Does the Church promote freedom of speech?

Yes. The Church upholds freedom of speech, which is closely related to the freedom of religion. If one is without the other, they become devoid of meaning, a merely formal and apparent freedom. Both freedom of speech and freedom of religion are threatened in today’s society, especially by religious extremists and intolerant relativism. In the case of the latter, people become subjects to what the last Popes have called the “tyranny” or “dictatorship of relativism.” Without truth, it is power that governs. The powerful often intimidate and even silence believers through political and economic pressure, manipulation, or even psychological violence.

Are there limits to freedom of speech?

As it has been said for freedom of religion and conscience, “the just limits of the exercise of religious freedom of speech must be determined in each social situation with political prudence, according to the requirements of the common good, and ratified by the civil authority through legal norms consistent with the objective moral order” (Compendium, 422).

Can and should the government intervene?

The government can and should intervene when it is needed for “the effective safeguarding of the rights of all citizens and for the peaceful settlement of conflicts of rights, also by the need for an adequate care of genuine public peace, which comes about when men live together in good order and in true justice, and finally by the need for a proper guardianship of public morality” (Dignitatis Humanae, 7).

(Vatican Council II. Dignitatis Humanae, 7)

What makes social media different from other means of communication?

Social media distinguishes itself from “old” media in that its audience is more active, intervening in the communication process. Users are also content producers themselves, rather than mere consumers. Social media platforms have opened up an entire world, allowing us to share our lives, knowledge, joys, and sorrows with other people. On the other, hand, with social media, the boundaries between what is public and private become less defined, and the multitude of “connections” can be confused with and replace authentic relationships.

What are some of the challenges posed by social media and other new technologies?

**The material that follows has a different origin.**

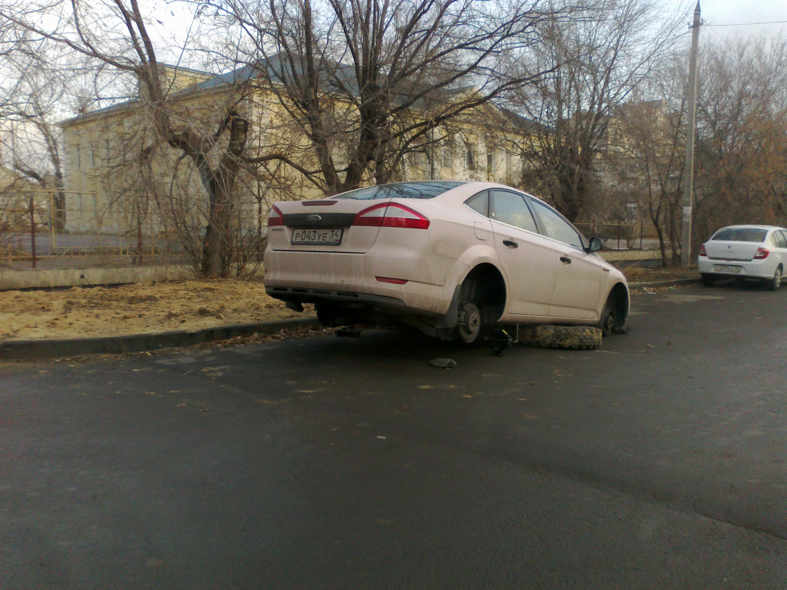 один из способов обезопасить себя от подобного рода сюрпризов,кмк,ставить машину на как можно больший бугорок,т.е.под углом. хрен они её задомкратят! ---------- Сообщение добавлено 16.12.2012 14:54 ---------- под мондео домкратик-то остался) бонус хозяину так сказать

Social media and other new technologies pose new challenges to human culture inasmuch as they are shaping personal relations and changing family and social relationships: “Today the modern media, which are an essential part of life for young people in particular, can be both a help and a hindrance to communication in and between families. The media can be a hindrance if they become a way to avoid listening to others, to evade physical contact, to fill up every moment of silence and rest, so that we forget that ‘silence is an integral element of communication; in its absence, words rich in content cannot exist’ (Benedict XVI, Message for the 2012 World Communications Day). The media can help communication when they enable people to share their stories, to stay in contact with distant friends, to thank others or to seek their forgiveness, and to open the door to new encounters. By growing daily in our awareness of the vital importance of encountering others, (…) we will employ technology wisely, rather than letting ourselves be dominated by it. Here too, parents are the primary educators, but they cannot be left to their own devices. The Christian community is called to help them in teaching children how to live in a media environment in a way consonant with the dignity of the human person and service of the common good” (Pope Francis, Message for the 2015 World Communications Day).